- Tübän Bäräskä Location within Tatarstan
- Country: Russia
- Region: Tatarstan
- District: Ätnä District
- Time zone: UTC+3:00

= Tübän Bäräskä =

Tübän Bäräskä (Түбән Бәрәскә) is a rural locality (a selo) in Ätnä District, Tatarstan. The population was 881 as of 2010.

== Geography ==
Tübän Bäräskä is located 8 km west of Olı Ätnä, district's administrative centre, and 70 km north of Qazan, republic's capital, by road.
== History ==
The earliest known record of the settlement dates from 1556.

From 18th to the first half of the 19th centuries village's residents belonged to the social estate of state peasants.

By the beginning of the twentieth century, village had 3 mosques, a madrasa, 2 windmills, a blacksmith shop and 4 small shops.

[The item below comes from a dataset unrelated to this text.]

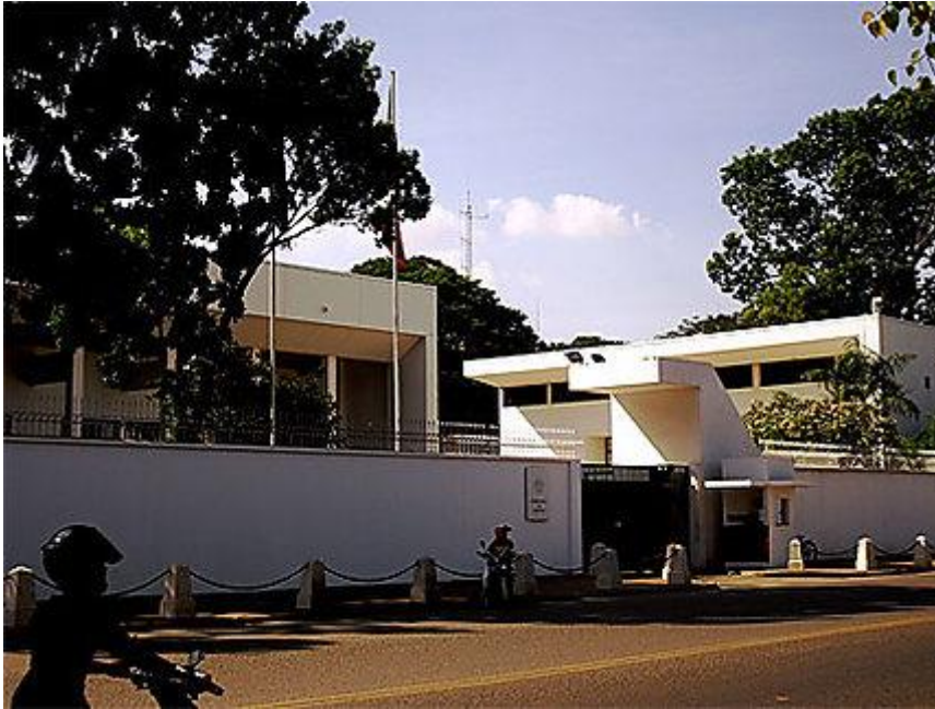
Ambassade de France au Cambodge

Before the creation of the Tatar ASSR in 1920 was a part of Qazan Uyezd of Qazan Governorate. Since 1920 was a part of Arça Canton; after the creation of districts in Tatar ASSR (Tatarstan) in Tuqay (later Ätnä) (1930–1959), Tuqay (former Qızıl Yul) (1959–1963), Arça (1963–1990) and Ätnä districts.